▶ **What needs to be done**:
Transcribe exactly the lines that fall between the one holding "If the sun and" and the one holding "为提示健儿助力加油 鲜亮的红色又与新春祝愿相融 为冬日幸福狂欢喝彩!", inclusive, from the entries below.

[[ Data to use open ]]

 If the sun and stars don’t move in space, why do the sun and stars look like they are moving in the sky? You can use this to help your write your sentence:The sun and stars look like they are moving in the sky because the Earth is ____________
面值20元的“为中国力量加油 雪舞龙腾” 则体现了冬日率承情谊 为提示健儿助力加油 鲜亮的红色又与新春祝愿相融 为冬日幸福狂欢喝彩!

[[ Data to use closed ]]
[[ Data to use open ]]

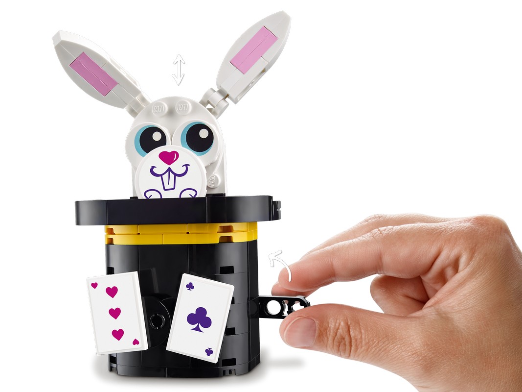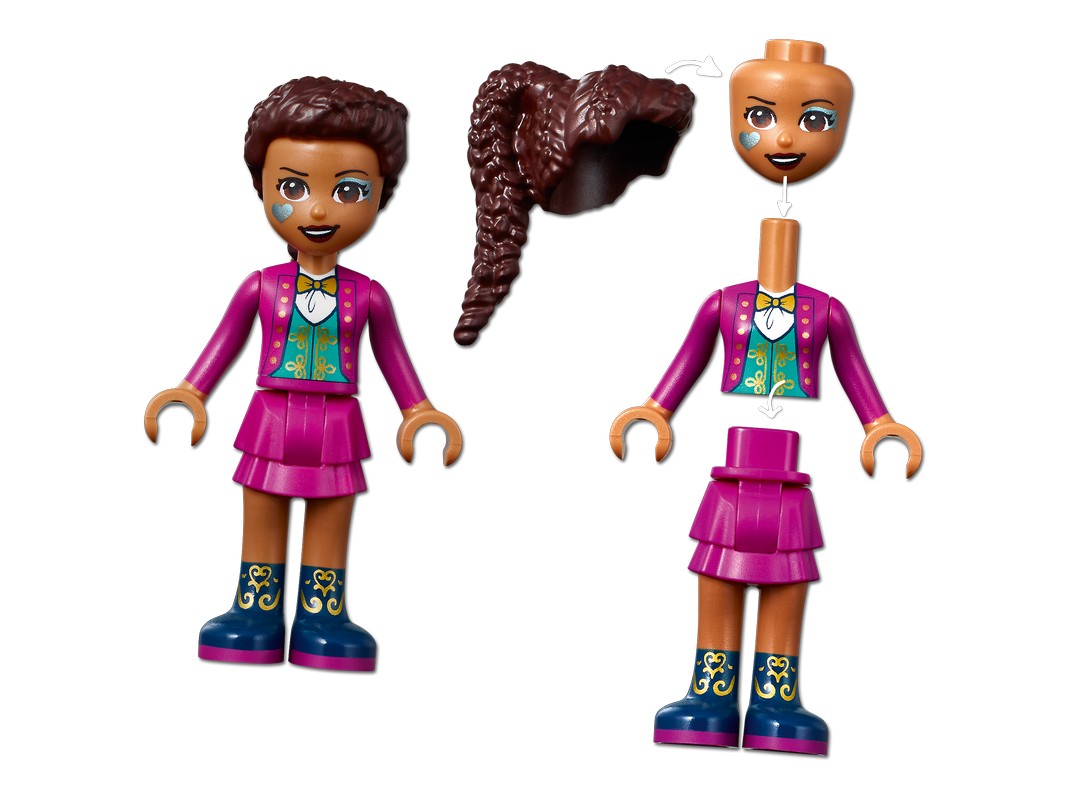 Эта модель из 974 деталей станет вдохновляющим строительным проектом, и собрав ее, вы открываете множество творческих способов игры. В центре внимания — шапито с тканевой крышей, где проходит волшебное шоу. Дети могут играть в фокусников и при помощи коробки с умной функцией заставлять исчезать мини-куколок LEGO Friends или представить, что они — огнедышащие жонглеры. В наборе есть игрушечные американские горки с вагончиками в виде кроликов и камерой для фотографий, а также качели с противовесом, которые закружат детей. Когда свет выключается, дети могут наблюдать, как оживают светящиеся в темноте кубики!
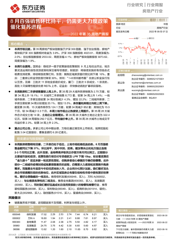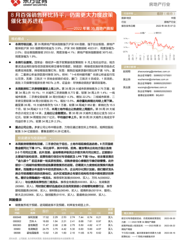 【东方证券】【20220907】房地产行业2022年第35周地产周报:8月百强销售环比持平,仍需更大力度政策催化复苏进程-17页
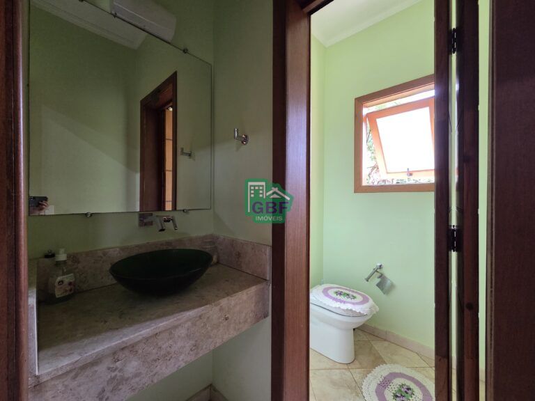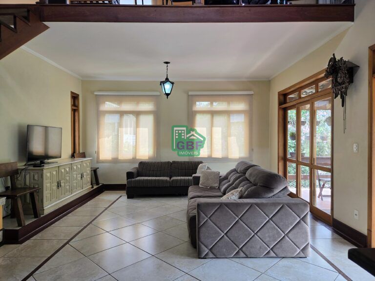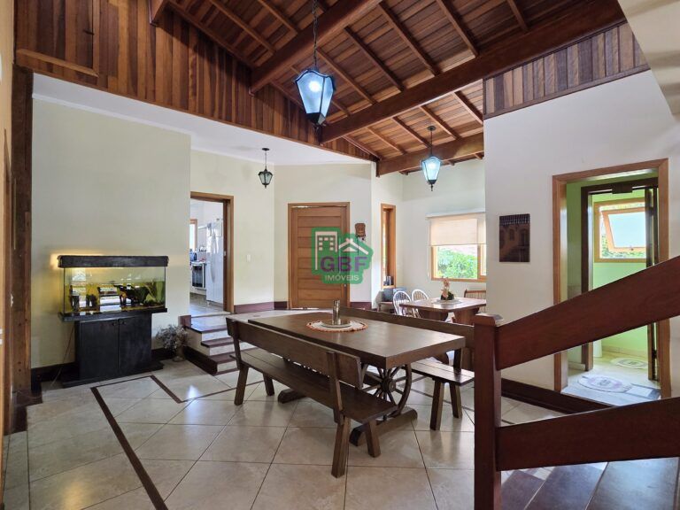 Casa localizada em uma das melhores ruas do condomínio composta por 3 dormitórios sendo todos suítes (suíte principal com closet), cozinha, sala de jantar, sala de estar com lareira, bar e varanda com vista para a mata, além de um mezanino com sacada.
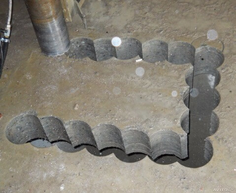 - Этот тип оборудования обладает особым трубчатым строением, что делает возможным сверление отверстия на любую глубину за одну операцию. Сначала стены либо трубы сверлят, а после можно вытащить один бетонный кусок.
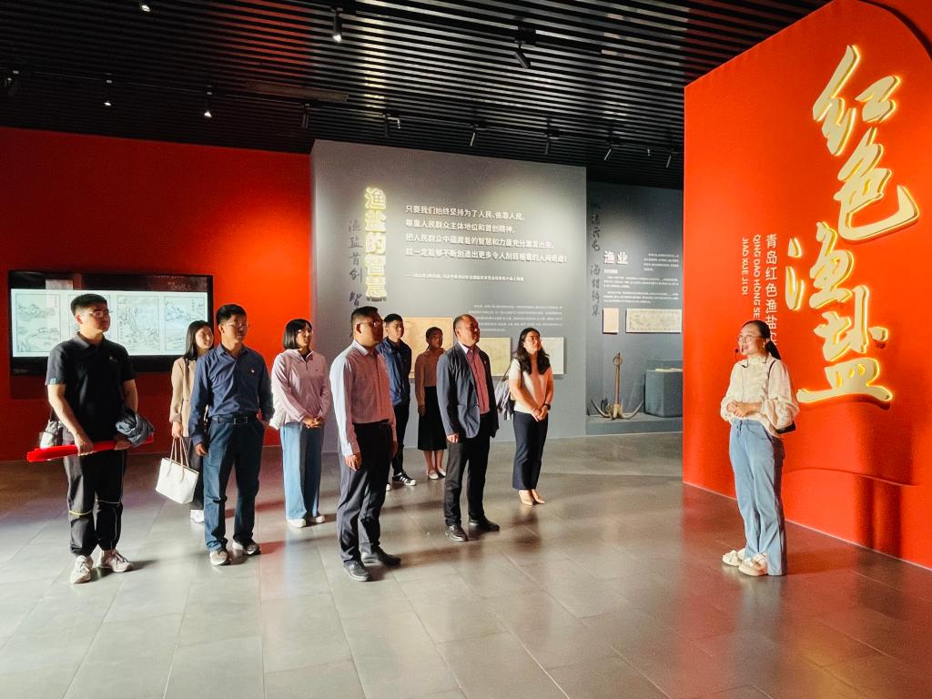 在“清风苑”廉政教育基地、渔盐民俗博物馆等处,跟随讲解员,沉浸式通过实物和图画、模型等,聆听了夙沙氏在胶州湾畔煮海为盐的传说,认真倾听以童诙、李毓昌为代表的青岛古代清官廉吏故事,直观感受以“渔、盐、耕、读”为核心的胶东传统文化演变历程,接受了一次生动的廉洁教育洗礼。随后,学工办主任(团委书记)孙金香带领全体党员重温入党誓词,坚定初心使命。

[[ Data to use closed ]]

▶ **Answer below**:
 If the sun and stars don’t move in space, why do the sun and stars look like they are moving in the sky? You can use this to help your write your sentence:The sun and stars look like they are moving in the sky because the Earth is ____________
面值20元的“为中国力量加油 雪舞龙腾” 则体现了冬日率承情谊 为提示健儿助力加油 鲜亮的红色又与新春祝愿相融 为冬日幸福狂欢喝彩!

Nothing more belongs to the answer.